The disappointing thing is, there's a lot of good story in this collection. Newly parted from her infant child, Selina is trying to rebuild her life after everything she owns is stolen and her home is destroyed. Watching her find her stride is a hoot as she brawls her way through an assortment of mooks and goons trying to find out the source of her woes.
The Adam Hughes cover that unsubtly frames Selina Kyle's prodigious cleavage is, well, icing on the cake -- although I do have fond memories of the days when she wasn't necessarily drawn like a Cat-Barbie.
But much of the story here takes place on a faraway planet in a distant galaxy -- and, well, that's just not where Catwoman belongs. She's a street fighter and a high-rise thief, not a science-fiction heroine.

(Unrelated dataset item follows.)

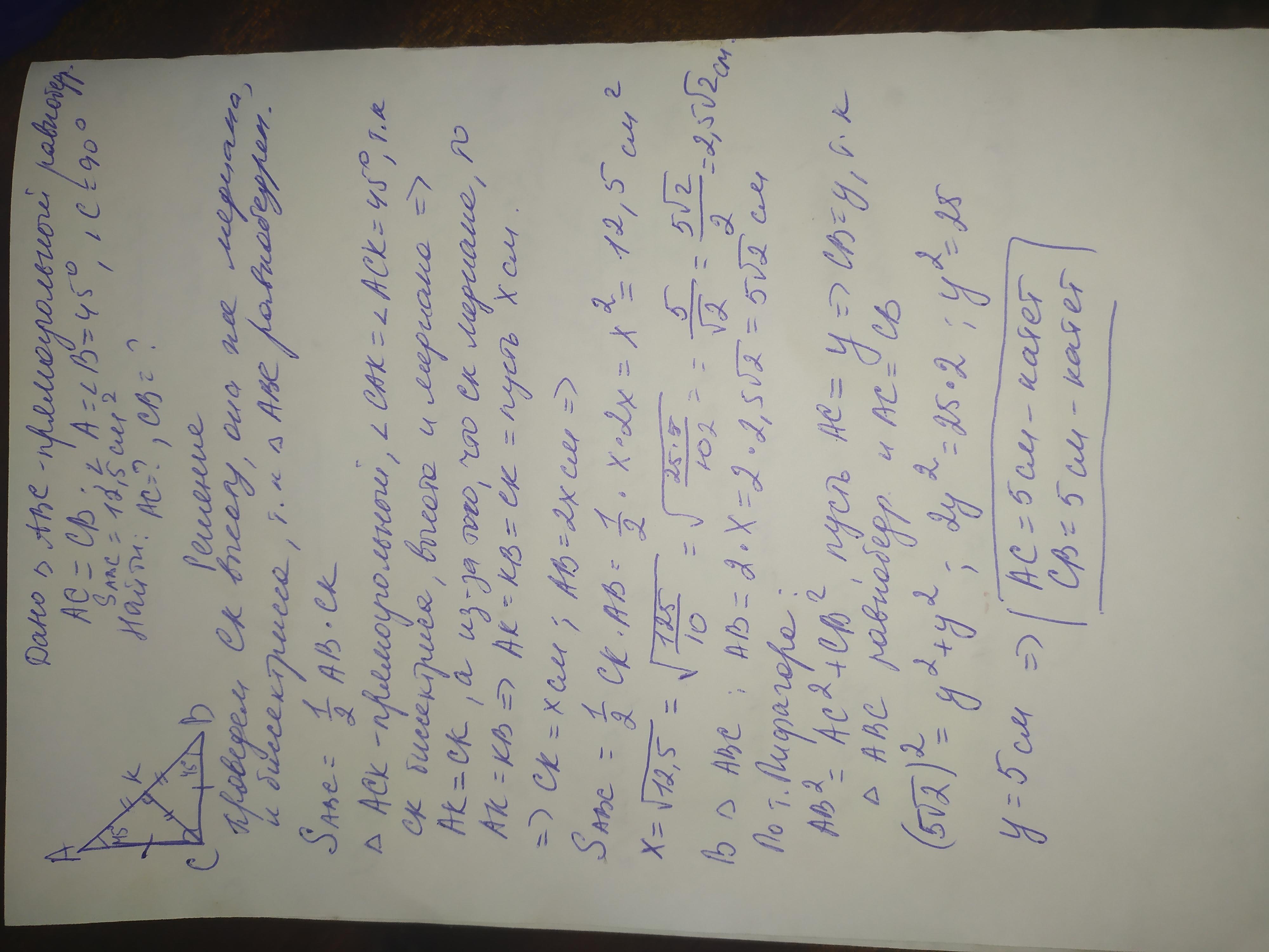40 баллов !!! Знайдіть катети прямокутного рівнобічного трикутника, якщо його площа дорівнює 12,5 см²

But DC, in one of its recent blunders, decided to send some of its finest villains off to some "prison planet," where Selina gets to mix it up with alien tech, apparent superpowers and an alternate reality where Batman (hero) and Catwoman (crook) are both killers. What were they thinking?
I hope DC takes Catwoman back to her roots -- the street and the penthouse, not outer space -- and continues exploring the character of a villain with a heart of gold. Or is she a hero with a larcenous streak? It's hard to tell. Either way, she's one of the DC's best female solo acts, and she deserves her own title.